**Task instructions**
Only the pictures are dropped. Restate each line below word for word.

**Extracted entries**
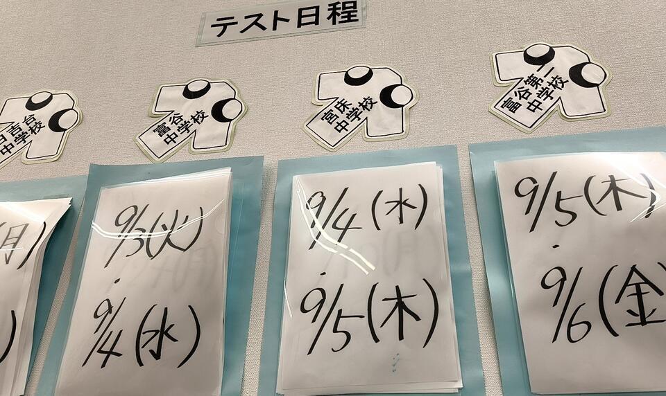 中学校では 夏休みが終わると実力テスト、定期テストが
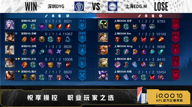 开局双方正常抢线。2分40秒野区深圳DYG击杀孙尚香,拿下一血,打出0换2。3分20秒上海EDG.M拿下暴君。3分56秒中路深圳DYG击杀娜可露露,打出0换2,摧毁敌方发育路外塔。5分07秒深圳DYG拿下主宰,摧毁敌方对抗路外塔。7分36秒深圳DYG拿下暴君。8分34秒深圳DYG摧毁敌方对抗路二塔中路外塔,9分31秒拿下主宰。10分27秒深圳DYG拿下暗影主宰、暗影暴君。11分45秒深圳DYG摧毁敌方发育路二塔、中路二塔,12分24秒摧毁敌方中路高地,14分13秒拿下暗影主宰。15分13秒深圳DYG摧毁敌方对抗路高地、发育路高地,拿下暗影暴君。16分20秒高地上海EDG.M击杀盾山,深圳DYG花木兰二连击破,打出3换3,摧毁水晶拿下比赛。
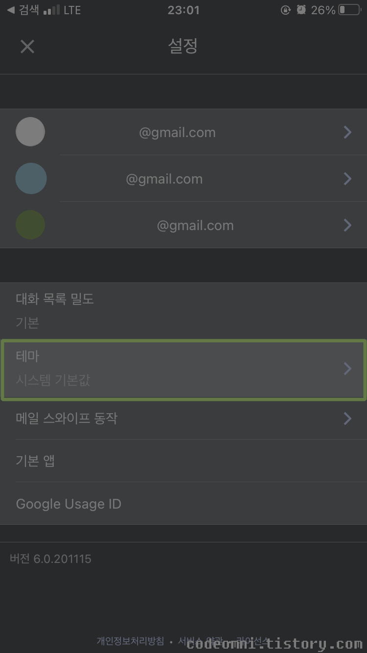 이번 포스팅은 지메일 앱의 테마 변경하기입니다.
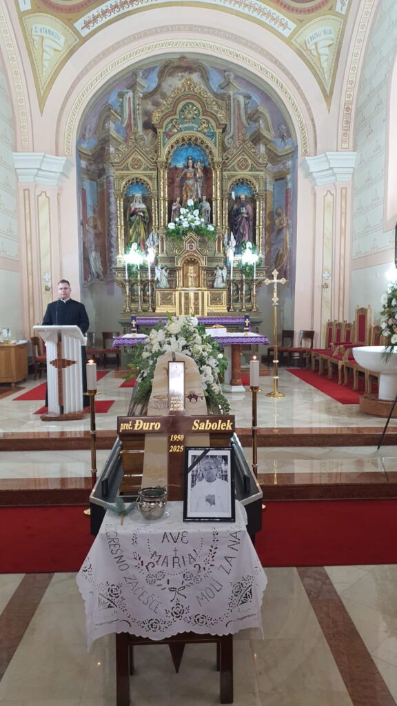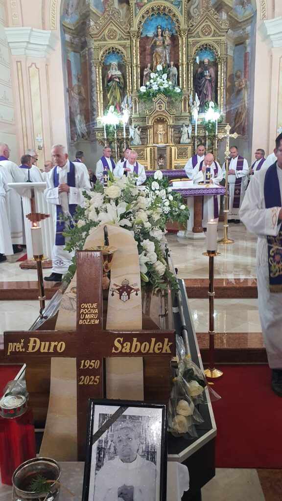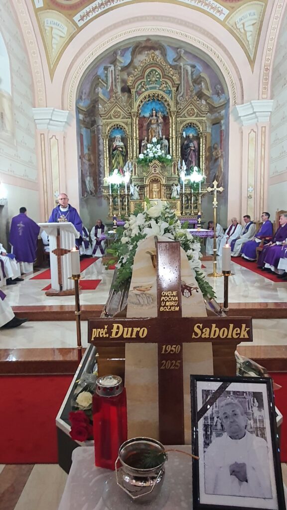 Na kraju svete mise, dok su pripadnici DVD društava iz naše župe stajali u počasnoj straži, tijelo pokojnog prečasnog Đure Saboleka ispraćeno je na mjesno groblje, u svećeničku grobnicu koju je sam dao urediti za svoje prethodnike i nasljednike. S vjerom u uskrsnuće i zahvalnošću za njegov život i služenje, okupljeni su se oprostili od svećenika koji je više od tri desetljeća bio duša župe Vukovina – pastir, učitelj i prijatelj svima.
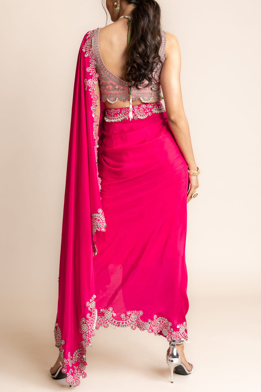 Nupur Kanoi designs this envy-inducing pre-draped sari rendered with an embellished border featuring mirror work, Swarovski embellishments, metallic sequins, stud accents and pearl detailing in floral and scallop patterns, complementing it with an embellished sleeveless blouse. Adorn the look with a kundan embellished necklace set and embroidered stilettos for a glam update.
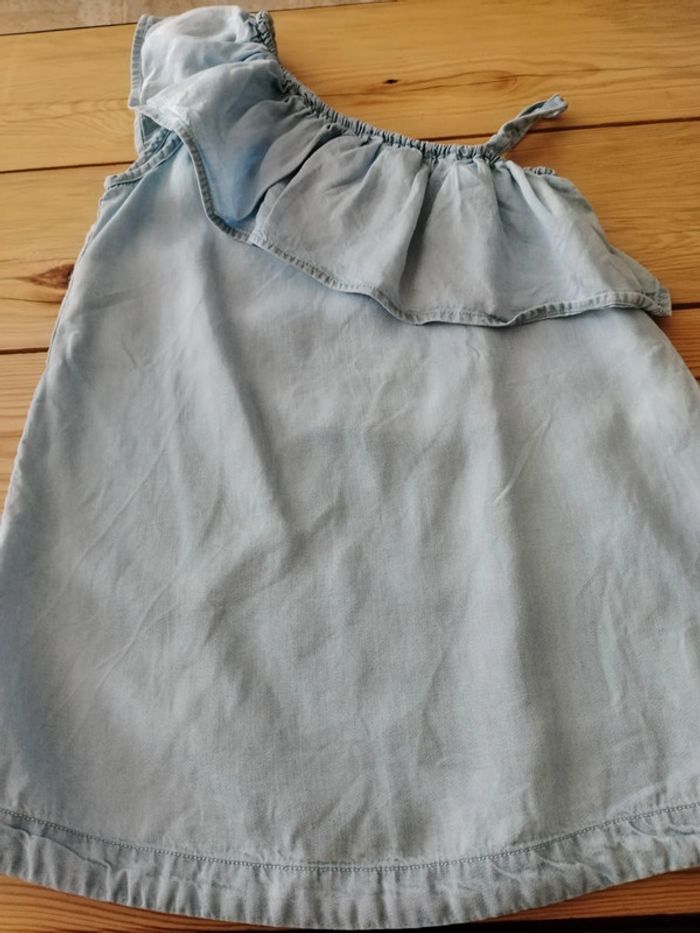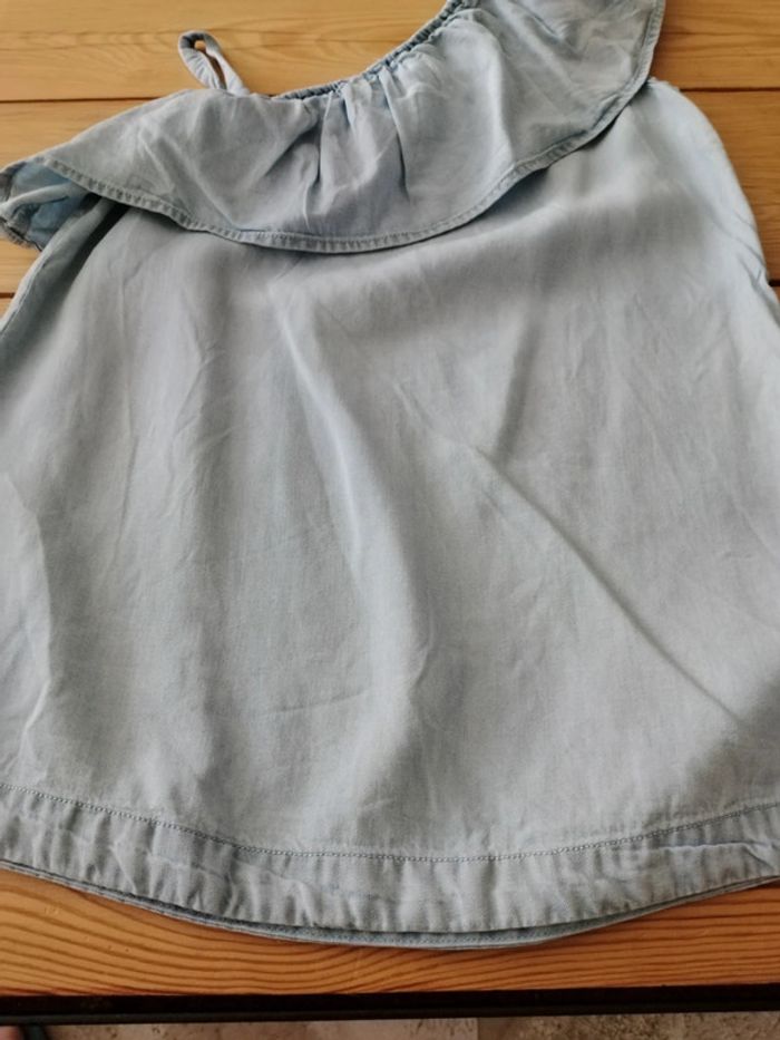 Robe courte ou tunique Couleur bleu jean clair Élastique sur le haut avec volant Bretelle sur un coté Très bon état 4 ans

**Output for this exercise**
 中学校では 夏休みが終わると実力テスト、定期テストが
 开局双方正常抢线。2分40秒野区深圳DYG击杀孙尚香,拿下一血,打出0换2。3分20秒上海EDG.M拿下暴君。3分56秒中路深圳DYG击杀娜可露露,打出0换2,摧毁敌方发育路外塔。5分07秒深圳DYG拿下主宰,摧毁敌方对抗路外塔。7分36秒深圳DYG拿下暴君。8分34秒深圳DYG摧毁敌方对抗路二塔中路外塔,9分31秒拿下主宰。10分27秒深圳DYG拿下暗影主宰、暗影暴君。11分45秒深圳DYG摧毁敌方发育路二塔、中路二塔,12分24秒摧毁敌方中路高地,14分13秒拿下暗影主宰。15分13秒深圳DYG摧毁敌方对抗路高地、发育路高地,拿下暗影暴君。16分20秒高地上海EDG.M击杀盾山,深圳DYG花木兰二连击破,打出3换3,摧毁水晶拿下比赛。
 이번 포스팅은 지메일 앱의 테마 변경하기입니다.
 Na kraju svete mise, dok su pripadnici DVD društava iz naše župe stajali u počasnoj straži, tijelo pokojnog prečasnog Đure Saboleka ispraćeno je na mjesno groblje, u svećeničku grobnicu koju je sam dao urediti za svoje prethodnike i nasljednike. S vjerom u uskrsnuće i zahvalnošću za njegov život i služenje, okupljeni su se oprostili od svećenika koji je više od tri desetljeća bio duša župe Vukovina – pastir, učitelj i prijatelj svima.
 Nupur Kanoi designs this envy-inducing pre-draped sari rendered with an embellished border featuring mirror work, Swarovski embellishments, metallic sequins, stud accents and pearl detailing in floral and scallop patterns, complementing it with an embellished sleeveless blouse. Adorn the look with a kundan embellished necklace set and embroidered stilettos for a glam update.
 Robe courte ou tunique Couleur bleu jean clair Élastique sur le haut avec volant Bretelle sur un coté Très bon état 4 ans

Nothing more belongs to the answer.